UTRECHT.- Centraal Museum Utrecht presents Valkenburg, the first institutional solo exhibition in the Netherlands by renowned artist Willem de Rooij in nearly a decade. Conceived specifically for the museum, the project reframes thirty paintings and drawings by Amsterdam artist Dirk Valkenburg (1675–1721). Through carefully staged juxtapositions on a bespoke display system, de Rooij invites visitors to consider how eighteenth-century Dutch elites shaped visual culture to reinforce and legitimise colonial ideology.

Valkenburg produced some of the earliest depictions of Indigenous and enslaved people on Surinamese sugar plantations—idealised scenes that obscure the violence of colonialism. He also painted elaborate hunting still lifes and portraits of patrons whose fortunes derived from imperial trade and slavery.

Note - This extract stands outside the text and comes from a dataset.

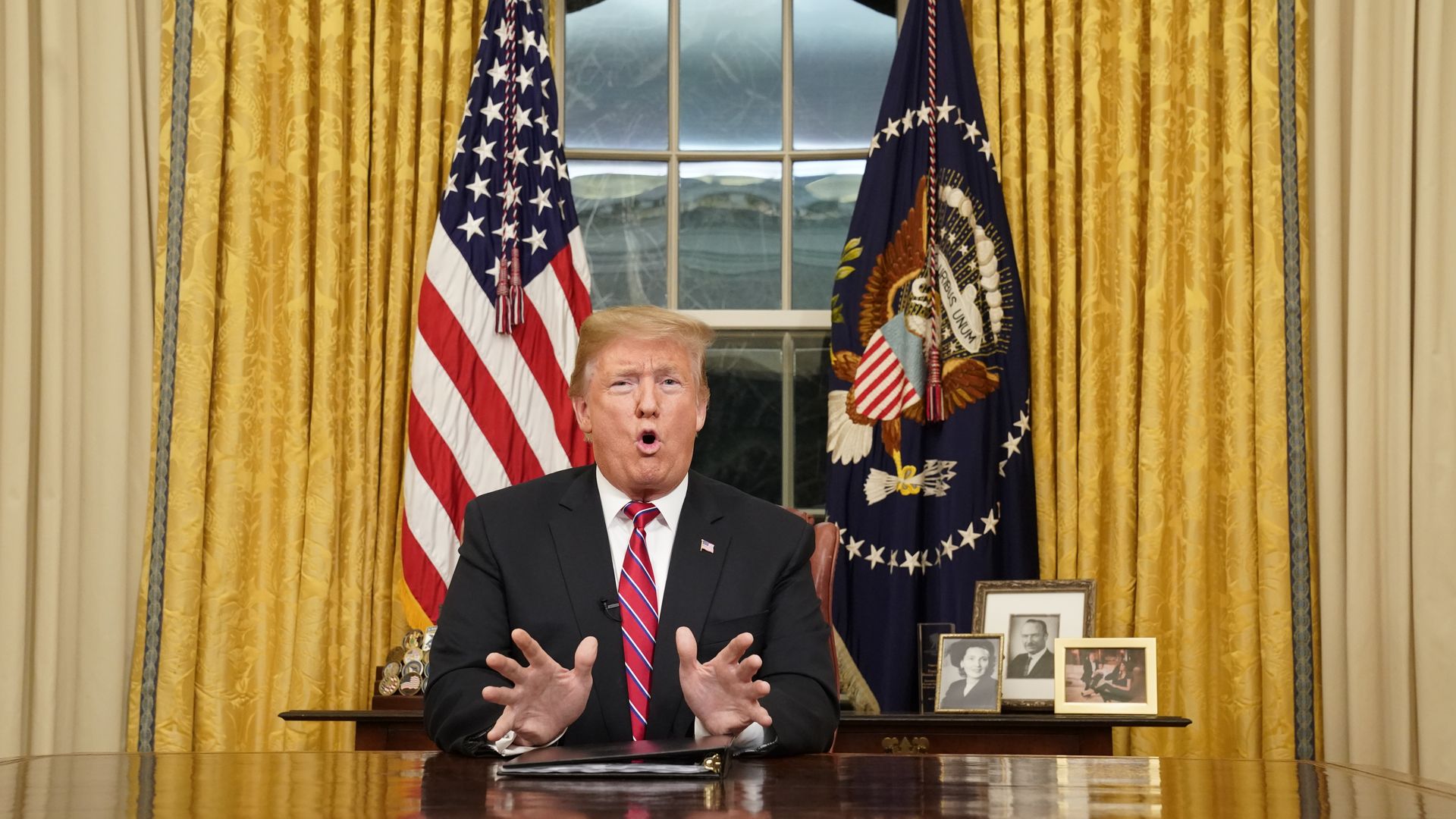 Donald Trump sitting in the Oval Office for his national address

Seen together, these diverse genres expose the operations of the white gaze.

Willem de Rooij (Beverwijk, Netherlands, 1969) creates temporary installations that probe the politics of representation. Drawing on his background in time-based media, he employs montage to juxtapose appropriated objects and images, generating new meanings between seemingly disparate elements. His collaborations with leading scholars foster research across global art history and visual anthropology.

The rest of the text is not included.